== Extracted material ==
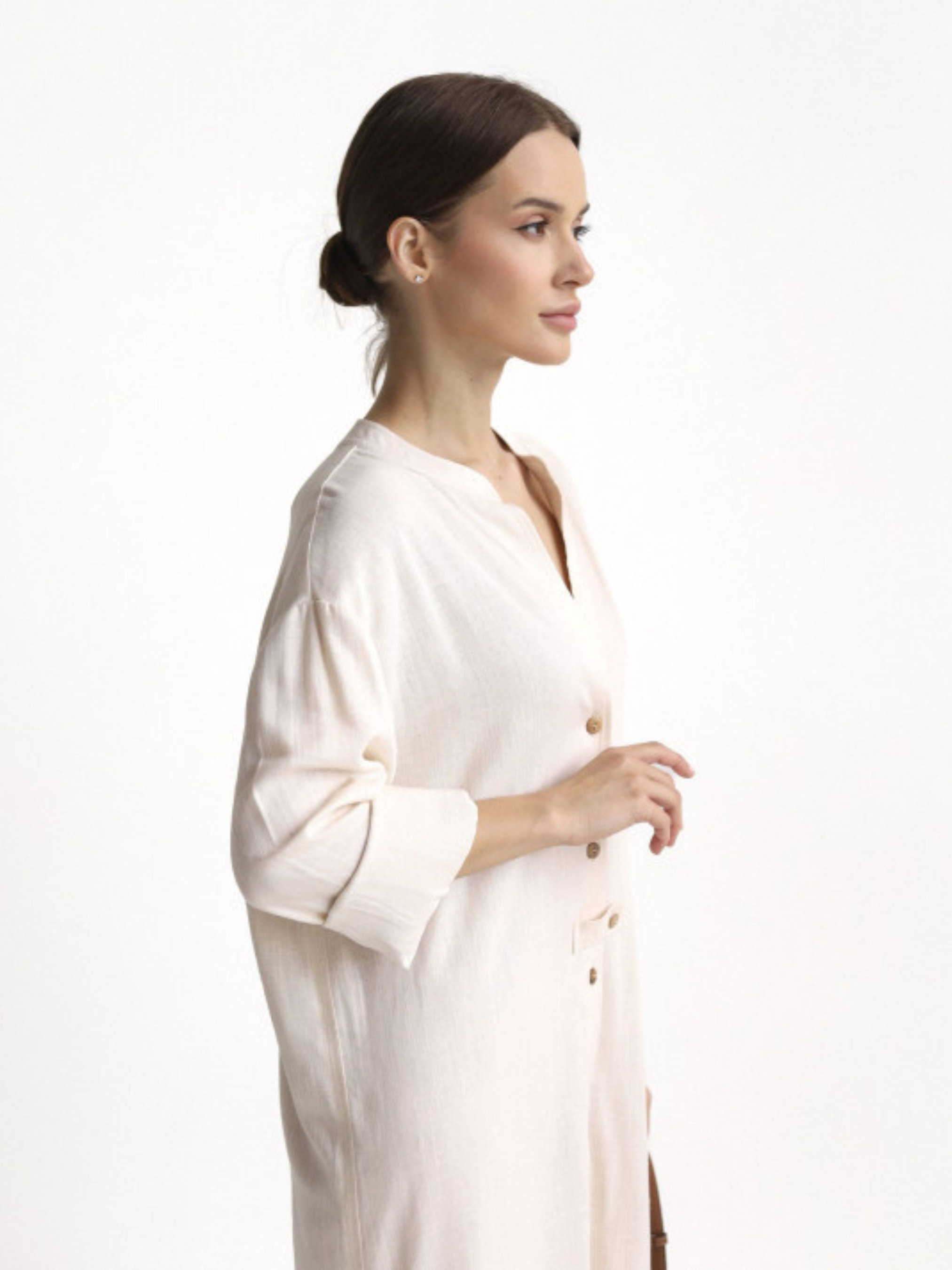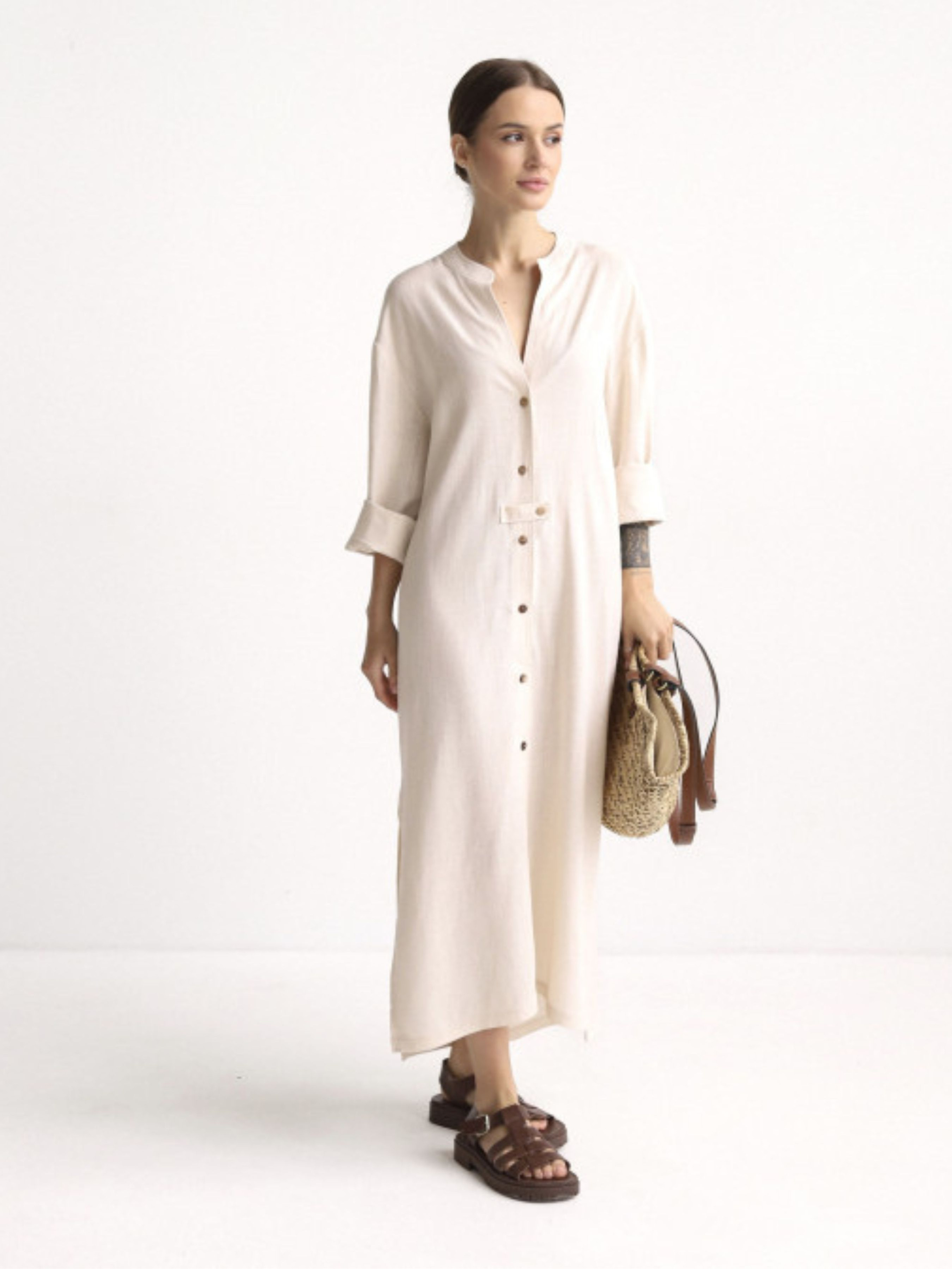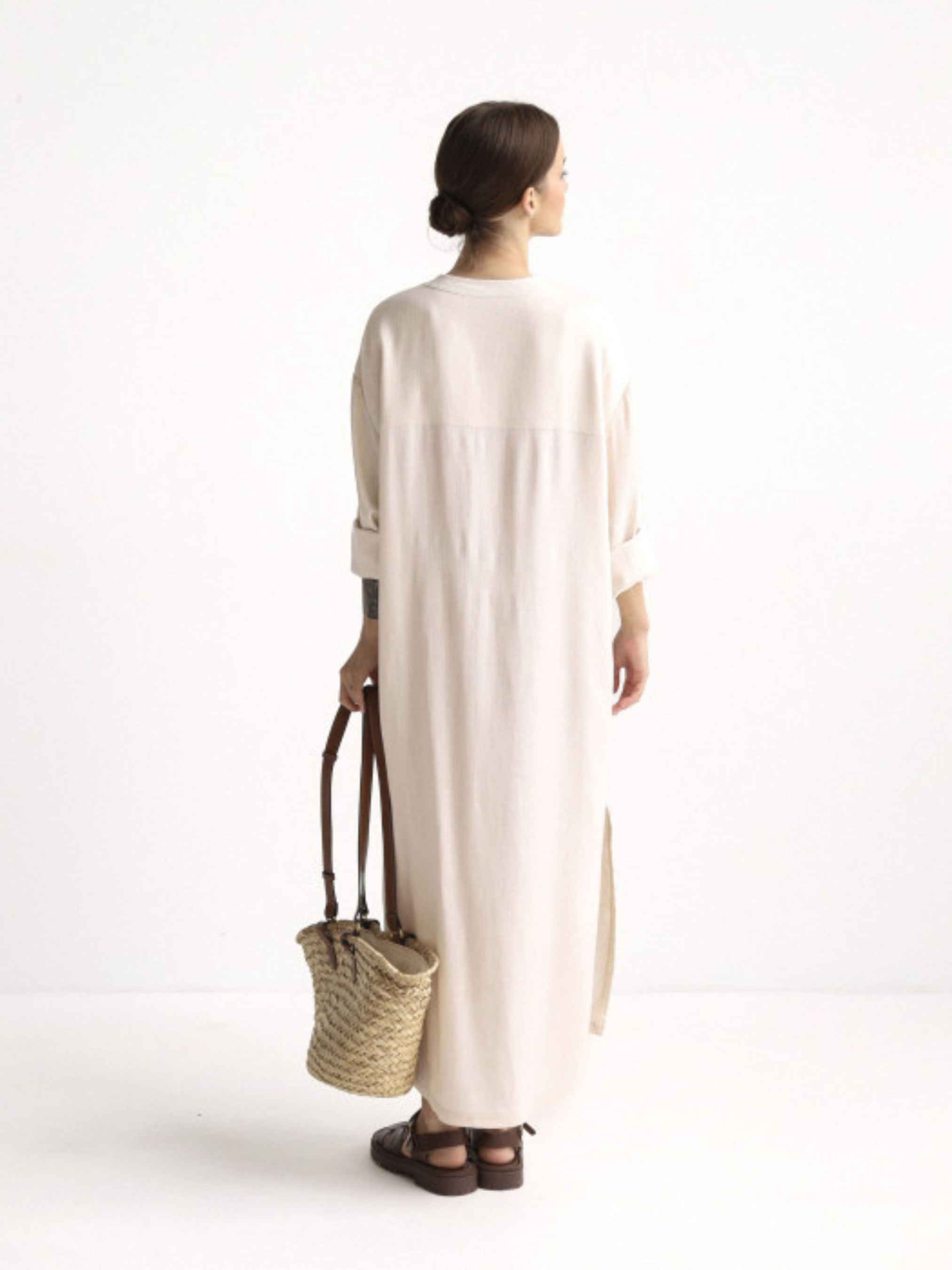Универсальное, как летнее утро в Одессе — платье-рубашка из натурального льна с добавлением коттона создана для тех, кто выбирает легкость, свободу и уверенность в каждом шагу. Она не требует лишних слов – достаточно застегнуть пуговицы и выйти в город или на прогулку у моря. Прямой крой, мягкий воротник-стойка, разрезы по бокам и длина меди – это база, которая адаптируется под твой ритм и настроение. Носить ее можно как отдельно, так и поверх купальника или с любимыми босоножками.
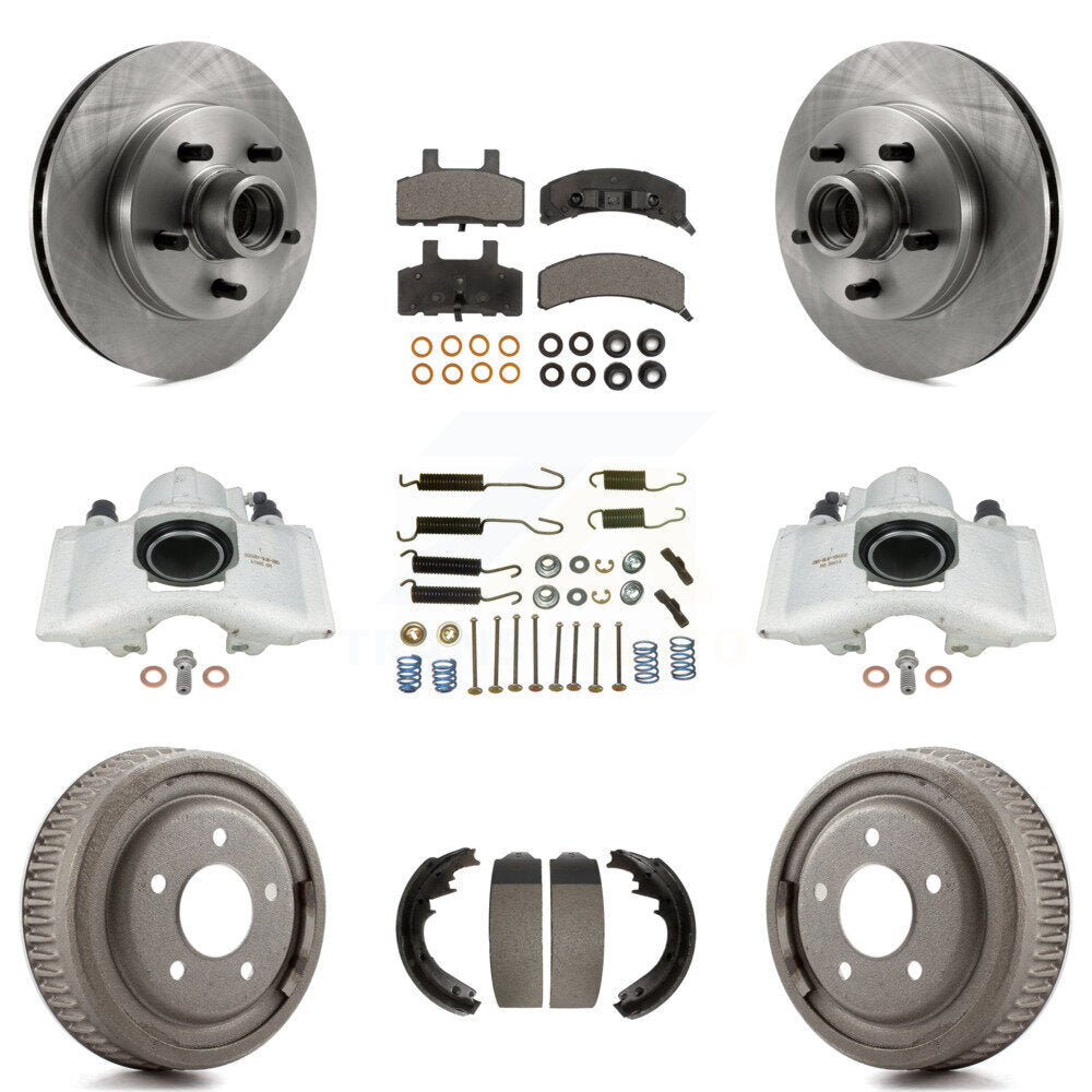 Front Rear Disc Brake Caliper Rotors Drums Semi-Metallic Pads Shoes And Hardware Kit (9Pc) For 1995-1997 GMC Yukon RWD with GAS engine With 11" Diameter Drum KC8-100765P
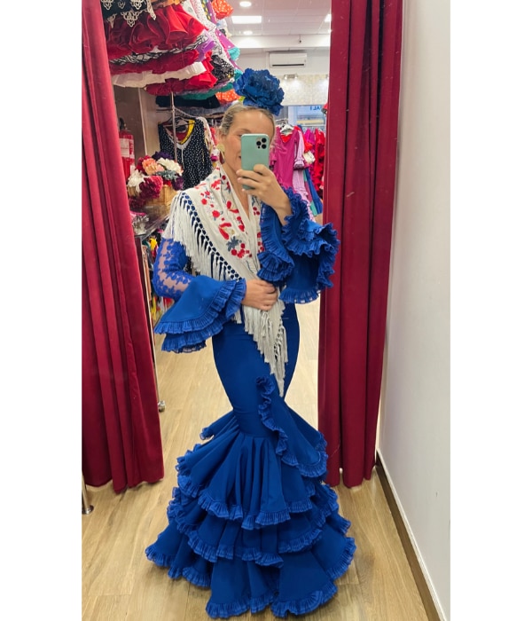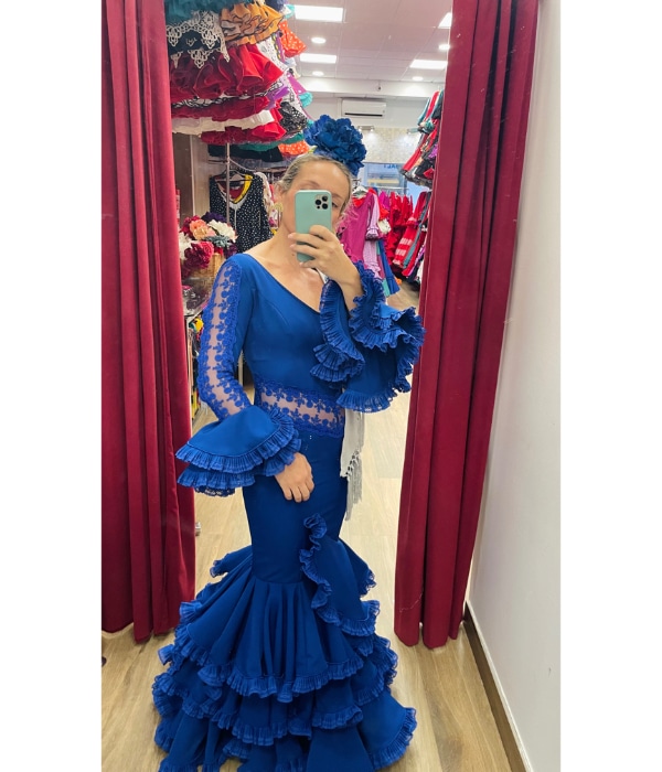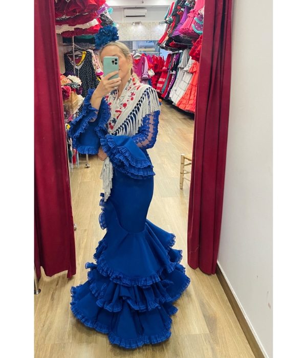 Traje de flamenca confeccionado en tejido elástico biscoelástico en azulón.
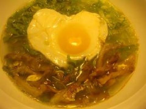 2.煮好后捞起冬粉放于碗内,铺上青菜丝,再放下蛋包后再用热汤淋下.食用时,可再多四川加辣酱或榨菜自选.
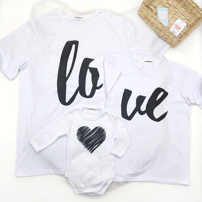 В комплекте три футболки - мужская, женская, детский боди с длиной рукава на выбор.
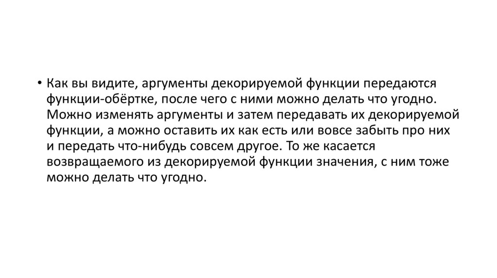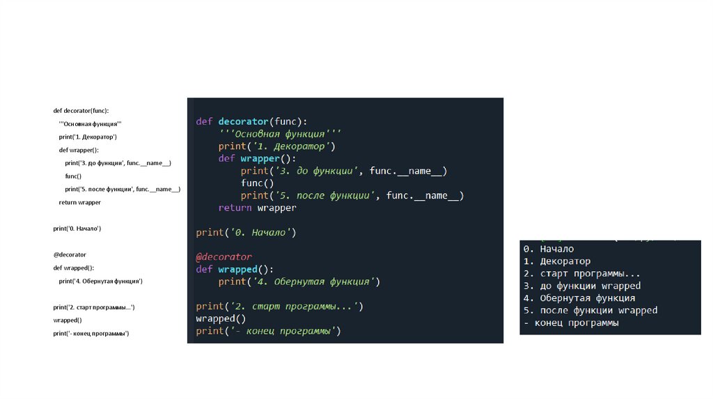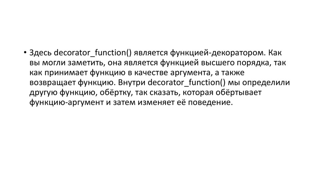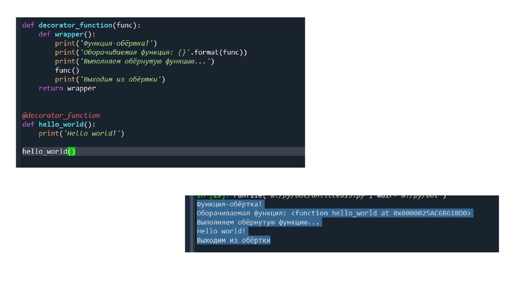 • Декораторы – это обертка вокруг функций (или классов) в Python,которая меняет способ работы этой функции.

== Instructions to follow ==
Every line from the one that holds "Front Rear Disc" to the last line of the records above goes into the answer, exactly as written; nothing else does, and no picture does either.

== Worked solution ==
 Front Rear Disc Brake Caliper Rotors Drums Semi-Metallic Pads Shoes And Hardware Kit (9Pc) For 1995-1997 GMC Yukon RWD with GAS engine With 11" Diameter Drum KC8-100765P
 Traje de flamenca confeccionado en tejido elástico biscoelástico en azulón.
 2.煮好后捞起冬粉放于碗内,铺上青菜丝,再放下蛋包后再用热汤淋下.食用时,可再多四川加辣酱或榨菜自选.
 В комплекте три футболки - мужская, женская, детский боди с длиной рукава на выбор.
 • Декораторы – это обертка вокруг функций (или классов) в Python,которая меняет способ работы этой функции.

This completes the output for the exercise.